By Jay Peters, a news editor who writes about technology, video games, and virtual worlds. He’s submitted several accepted emoji proposals to the Unicode Consortium.
It might be time to log into your Neopets account again.
Neopets, a virtual pet website that first launched in 1999, certainly isn’t the phenomenon that it was in the early days of the internet. I have fond memories of the site — as a kid, I remember spending hours taking care of my dog-like Lupe character — but I haven’t paid any serious attention to Neopets for two decades because a lot of the site felt stuck in the past. Much of Neopets’ design is straight 2005, a lot of the old games built on Adobe Flash don’t work anymore, and some of the more recent attempts to revive interest, including an NFT project, feel out of touch in their own ways.
The many dedicated fans who still visit the site got some promising news this week. The team behind Neopets has spun themselves out into an independent company, is promising a “new era” for the game, and plans to make some changes fast: a new homepage launched on Thursday, and many fixed-up games are set to arrive on July 25th. “We’re definitely ready to go full steam ahead, and hopefully, we can bring Neopets back to its glory days,” Dominic Law, CEO of the new World of Neopia, Inc., says in an interview with The Verge.
Despite Neopets being nearly 24 years old and long past its heyday, the site still sees a fair bit of traffic: Law tells me Neopets has “close to a million” monthly active users, and that number “has been really consistent” over the past few years. “Our community is so strong,” he says. Even though the site has languished, there’s “a really loyal fanbase that has been sticking around.”
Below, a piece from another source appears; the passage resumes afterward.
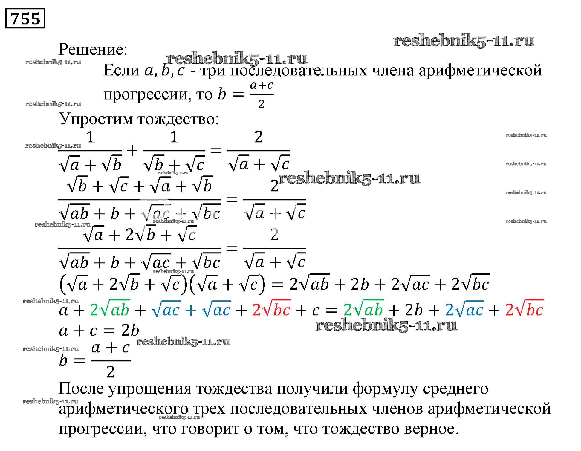 Готовая домашняя работа с ответами по Алгебре за 9 класс Мерзляк, Полонский, Якир Учебник Алгоритм успеха Вентана-граф 2016 ФГОС - Упражнения 755
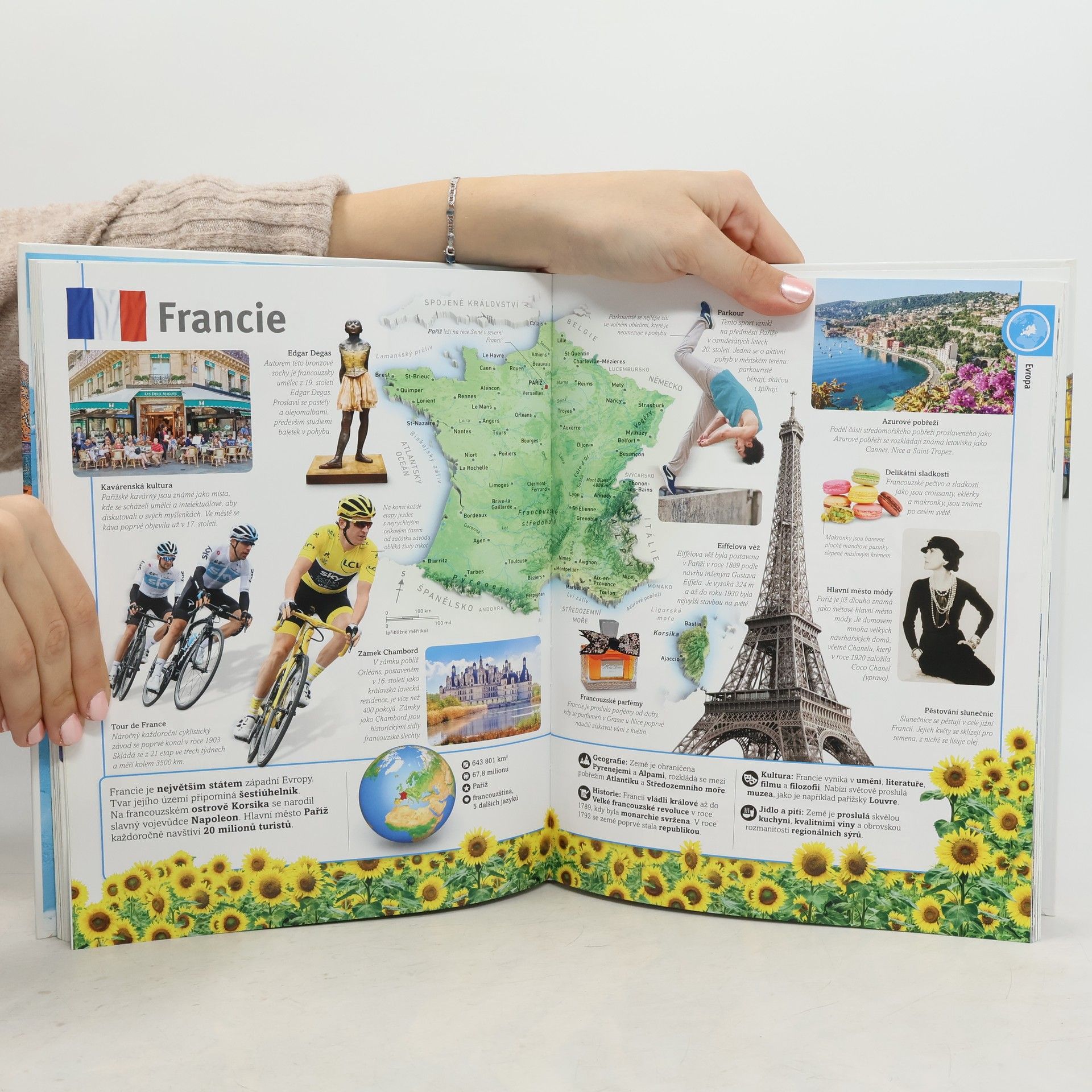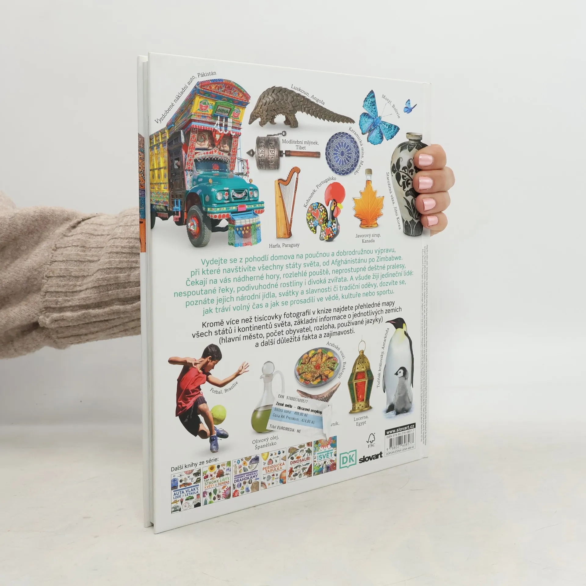 Vydejte se s obrazovou encyklopedií, která obsahuje více než 1000 působivých fotografií, na dobrodružnou a poučnou cestu kolem světa. Z pohodlí domova se stanete cestovateli, kteří navštíví všechny země na sedmi kontinentech. Zjistíte, co činí každou z nich jedinečnou. Uvidíte působivé skalnaté hory, husté lesy, rozlehlé travnaté pláně, nehostinné pouště, deštné pralesy, divoké řeky, mohutné vodopády, činné sopky, tajemné jeskyně, pláže s bělostným pískem, pohádkově krásné ostrovy i pustá, bohem zapomenutá místa. Dozvíte se, jací živočichové a rostliny jsou v zemi typické pro jednotlivé biotopy, jaká tam existují nejzajímavější a nejnavštěvovanější chráněná území nebo národní parky, jak lidé v různých zemích žijí a jak si zajišťují obživu, jaká jsou jejich typická jídla, jak tráví volný čas a slaví svátky, jak se oblékají, co navštívené země proslavilo, jaké dosáhly úspěchy ve vědě, kultuře či sportu… Nechybí ani informace o vlajkách, hlavním městě, jazycích, kterými se v té které zemi mluví, a mnoho dalších důležitých faktů a zajímavostí.

With the new homepage, the company wants to bring Neopets “back into a one Neopets, one team type of experience for our users,” Law says. He talked about how, recently, there have been multiple Neopets initiatives or projects going on at once, but the teams have been working in silos. “At the end of the day, we’re the same IP, we’re the same brand, and we want to make sure our users get to experience the best part of all the games under one umbrella.”
Over the next year, much of the team’s efforts will be behind fixing up the classic Neopets site to address basic things like broken links. “There’s a lot of tech debt,” Law says. That includes getting many of the older games built on Adobe Flash up and running with the Ruffle emulator; Neopets says more than 50 games will be playable starting on July 25th. The team also plans to relaunch its Island Builders city simulator mobile game in Q1 of next year, is working on World of Neopets, a new 3D open-world game, and will release updates for its match-three mobile puzzle game, Neopets: Faerie’s Hope.
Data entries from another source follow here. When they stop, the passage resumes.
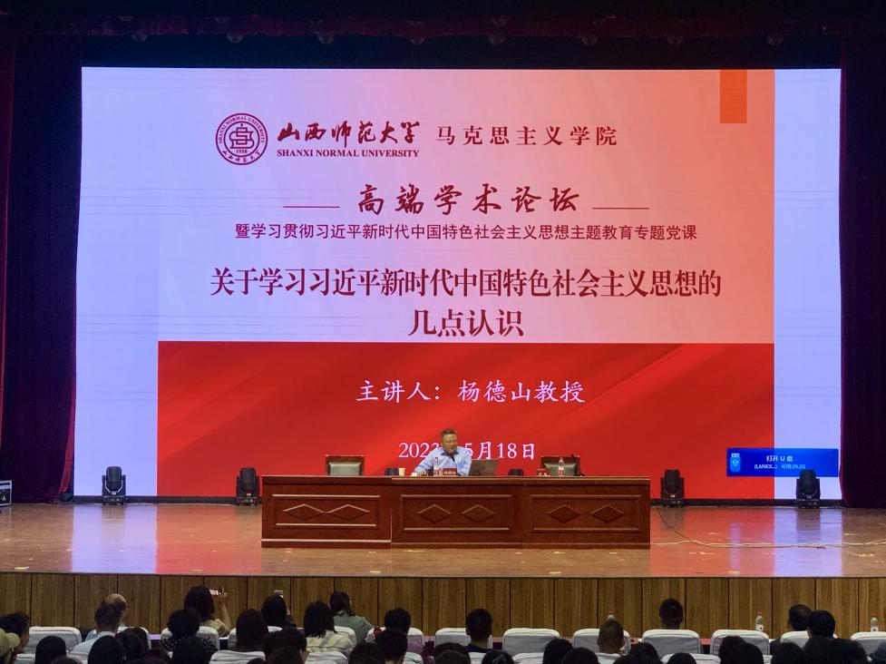 2023年5月18日上午8点半,beat365在科学大会堂报告厅举行高端学术论坛暨学习贯彻习近平新时代中国特色社会主义思想主题教育专题党课。中国人民大学杨德山教授作《关于学习习近平新时代中国特色社会主义思想几点认识》讲座报告。此次活动由院党委书记乔瑞同志主持,beat365部分教师、全体学生党员参会。
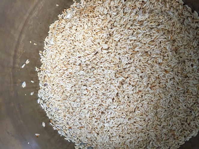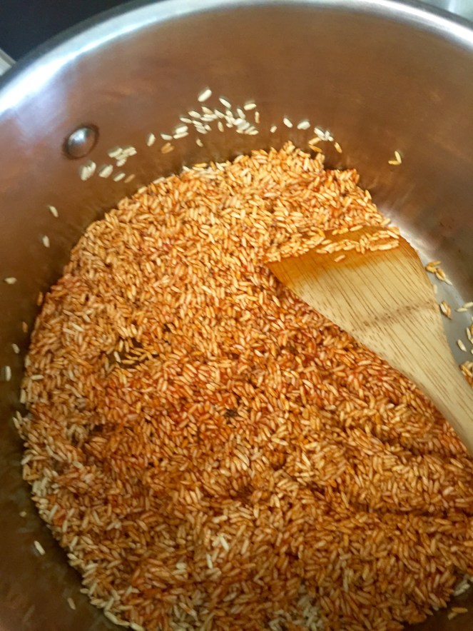 Continue to move rice around pan as it toasts. The key to Mexican rice is toasting the rice without burning it. KEEP IT MOVING. If it is browning too quickly, reduce the heat and KEEP IT MOVING. I actually find the sound of the stirring rice relaxing, chickah-chickah- chickah. Once the rice is welll browned, it releases a sweet aroma.
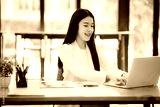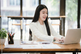Beautiful Asian female accountant working with smartphone and laptop at her desk analyzing business reports and documents. Sending messages
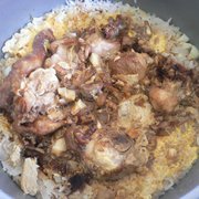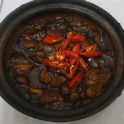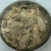 鸡块、米、水、蛋、葱片、蒜米、姜碎、咸鱼、盐、麻油、酱油。
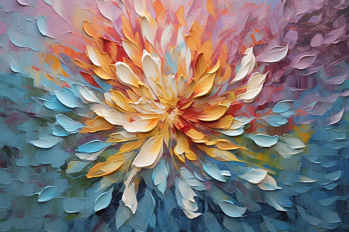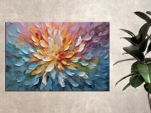 Het schilderij kan direct na ontvangst worden opgehangen. Het schilderij wordt opgespannen op een 2 cm breed houten spieraam.
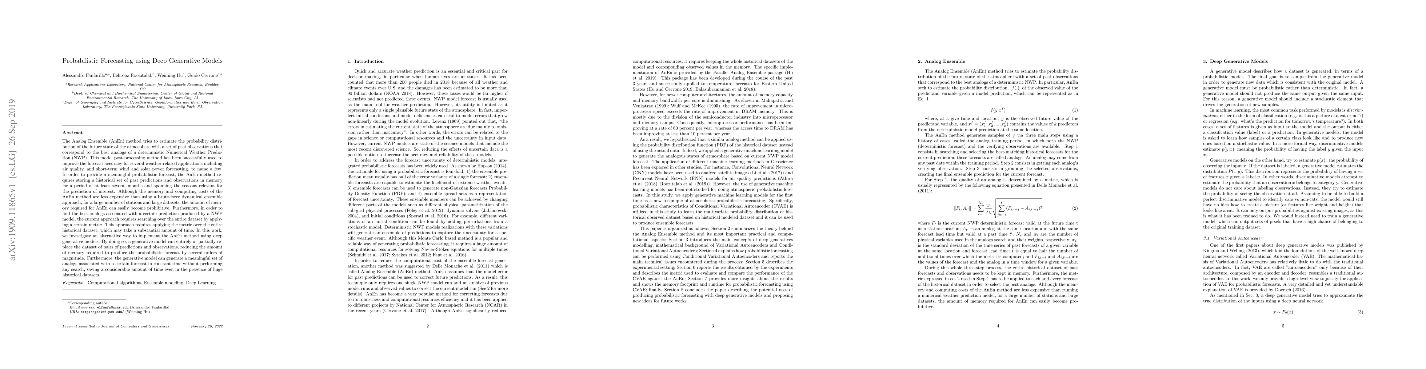 This research proposes using deep generative models to optimize the Analog Ensemble (AnEn) method for probabilistic weather forecasting. By replacing the historical dataset with a generative model, memory usage is drastically reduced, and time to generate analogs for a forecast is significantly cut down, making the process more efficient for large datasets.

The new homepage is live now, and in my opinion, it’s much better. There are clear tabs for classic Neopets, Faerie’s Hope, Island Builders, and World of Neopets. There are helpful “About” sections, including a revamped page with details about the actual Neopet creatures. There’s even a timeline of Neopets’ history. (I had forgotten there was a Neopets PS2 game, The Darkest Faerie.) However, if you dig into the classic Neopets browser game, you won’t see a fresh coat of paint; that part of the site still uses its old layout.
The new direction does mean that Neopets is moving on from the Neopets Metaverse game, and Law tells me that Web3 and blockchain technologies are “not a focus for Neopets right now.” I also asked if Neopets is looking at AI, another trendy buzzword topic, and although Law says that “as an IP, we always want to explore new technology,” the team doesn’t have “any plans on that front.”
Right now, Neopets needs to find a way to be self-sustainable
The long-term goal for the new team behind Neopets is to “extend the IP and revive it and let it live for another 25 years,” Law says. His personal vision is to make Neopets into a franchise that would be recognized by his own kids. But in the short term, the Neopets team needs to find a way to “be self-sustainable as a standalone entity.” Right now, Neopets brings in cash through a few different avenues, including sales of Neocash virtual currency, generating money from ads on its website, and earning licensing revenue from its merchandise. (Law sees a “medium”-term goal in reviving Neopets’ licensing strategy.)
I asked Law why players like me who may have lapsed should come back to Neopets. “To be honest, nostalgia is definitely one thing,” he says. He suggests coming back to say hi to your pets or playing the games you might have spent time with as a kid. He acknowledges that lapsed users probably won’t play the old games like they did as a kid, so he hopes the new Neopets games will be interesting for players who come back.